● DATA SHOWN:
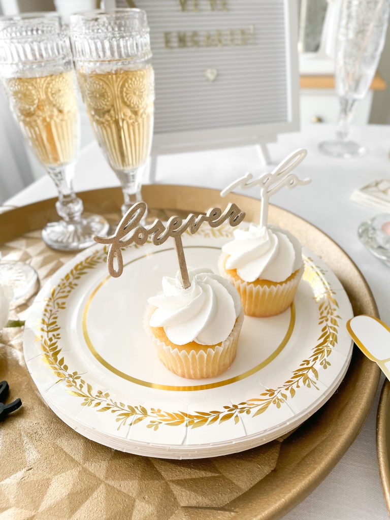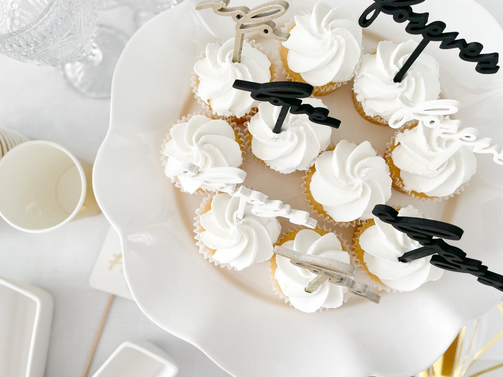You know what they say: Two desserts are better than one! Okay, maybe that isn’t a real saying, but it should be. Dress up your cupcakes with these engagement themed wooden picks; you can leave them as is in natural wood, or paint them to match your theme with food safe paints. We painted ours in shades of black, creamy white, and gold.
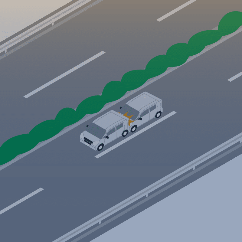 ・イラストに使用している各要素(車、背景、車、天候、信号、衝突地点など)は、代表的なイメージをイラスト化しており、色や形状等含め現実の事故の状況とは異なります。あくまで、事故のイメージとして参考までにご活用ください。
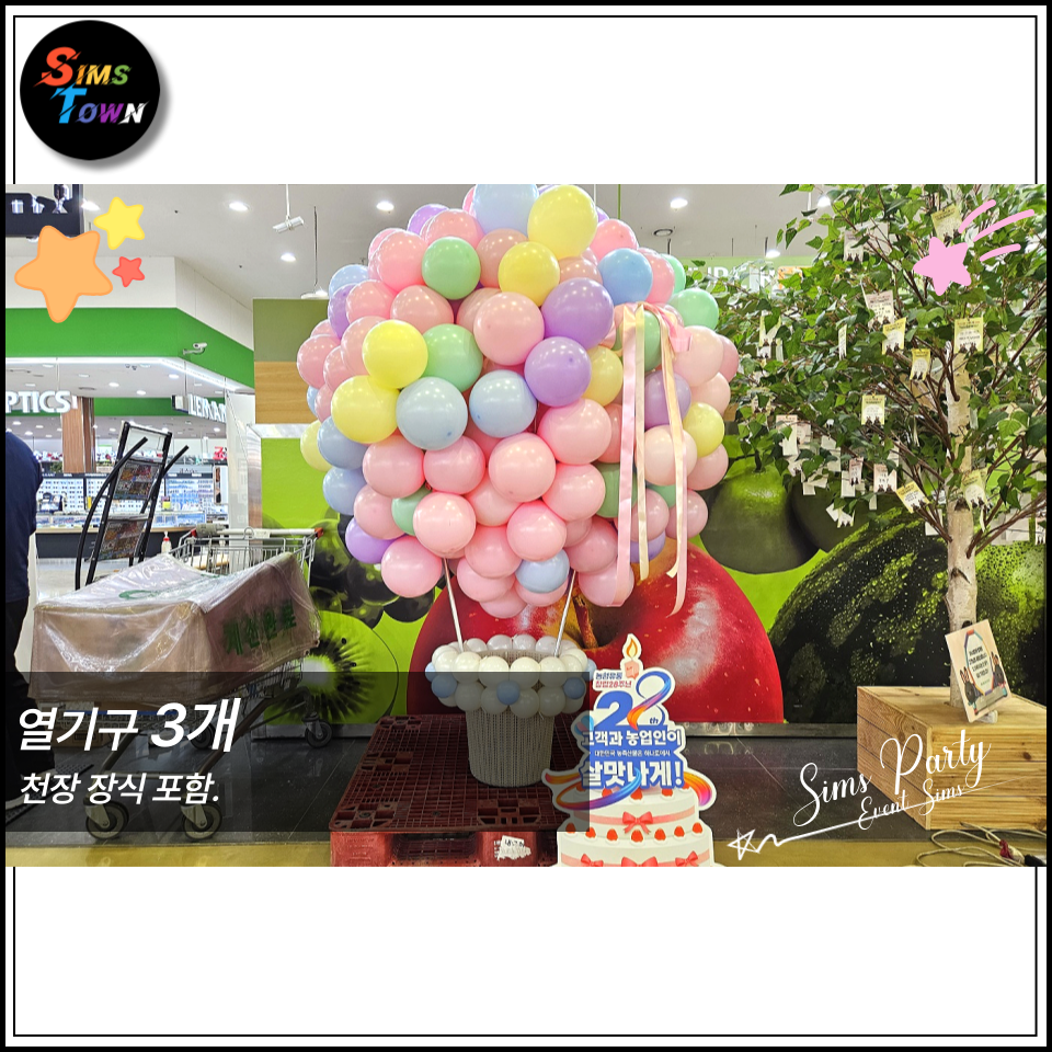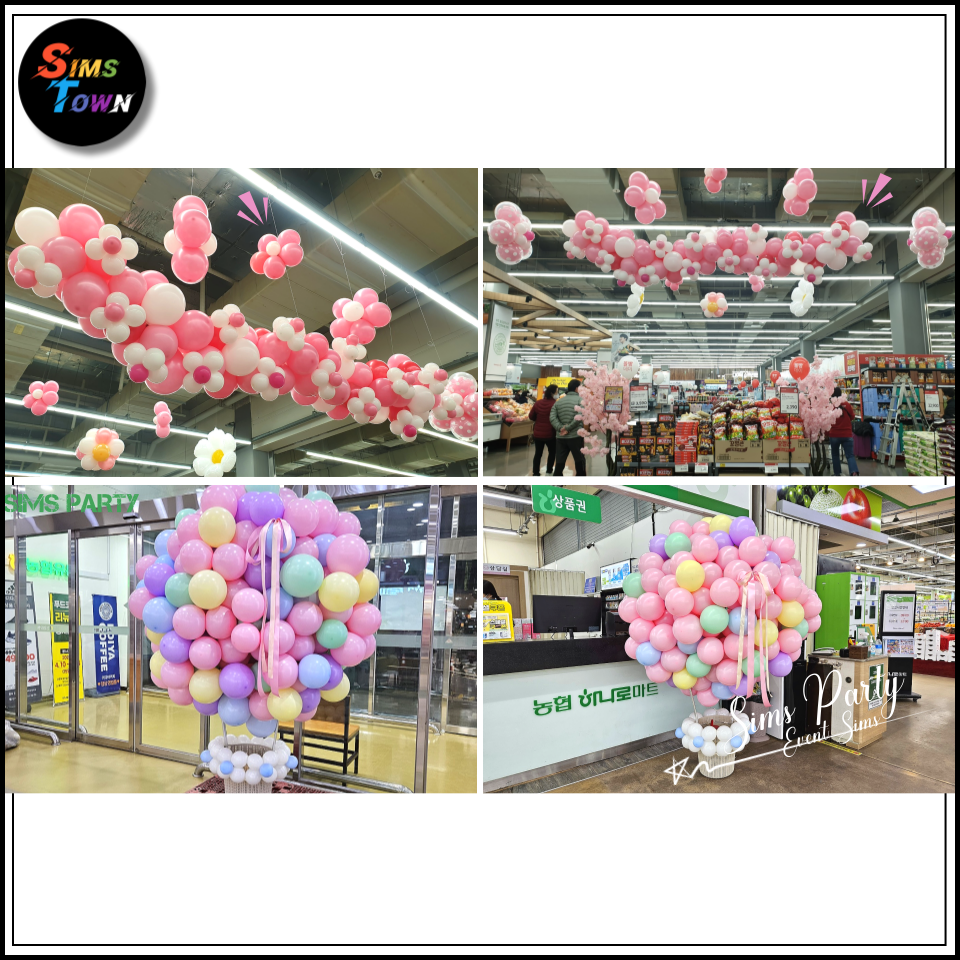 | 기업풍선장식 | 열기구 모양을 형상화한 마카롱 컬러의 오가닉 풍선장식입니다. 천정에는 와이어풍선장식을 설치하여 환상적인 분위기를 연출했습니다. 포토존장식으로서의 구성 또한 갖췄습니다. | 심스파티 |
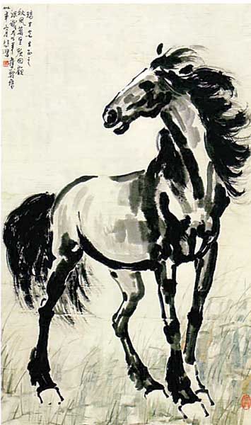 正因为古今绘画大师名家们擅长“以书入画”,所以“以书鉴画”也就成为鉴其作品真伪的一个不可或缺的依据。以近现代中国画坛大师徐悲鸿先生为例。徐悲鸿早年拜康有为为师,广临名碑,打下了深厚的书法功力,他的书法融魏碑、汉隶、二王行书于一体,秀丽而厚重,形成了具有鲜明个人风格的“徐氏书体”,这种书体不是一般的造假者可以轻易模仿像的。我们看两张拍场上出现的仿品,一件《双马图》仿造自北京徐悲鸿纪念馆藏真迹《三马图》,另一张《立马图》明显克隆自馆藏真迹《霜草识秋高》,两幅伪作虽极尽抄袭模仿之能事,但无论款书还是画中笔墨的运用,同真迹都有天壤之别,根本不可同日而语。徐悲鸿的书法功力,我们可以从他的书法真迹《招魂诗》中看的一目了然,笔势连贯,一气呵成,秀中有刚,流利自然。反观赝品,矫揉造作,苍白无力,全无神韵,乱写一气。

● WHAT THE TASK REQUIRES: No pictures belong in the answer, only the lines from the top of the listing through the line containing "갖췄습니다. | 심스파티 |", repeated word for word.

● EXERCISE ANSWER:
You know what they say: Two desserts are better than one! Okay, maybe that isn’t a real saying, but it should be. Dress up your cupcakes with these engagement themed wooden picks; you can leave them as is in natural wood, or paint them to match your theme with food safe paints. We painted ours in shades of black, creamy white, and gold.
 ・イラストに使用している各要素(車、背景、車、天候、信号、衝突地点など)は、代表的なイメージをイラスト化しており、色や形状等含め現実の事故の状況とは異なります。あくまで、事故のイメージとして参考までにご活用ください。
 | 기업풍선장식 | 열기구 모양을 형상화한 마카롱 컬러의 오가닉 풍선장식입니다. 천정에는 와이어풍선장식을 설치하여 환상적인 분위기를 연출했습니다. 포토존장식으로서의 구성 또한 갖췄습니다. | 심스파티 |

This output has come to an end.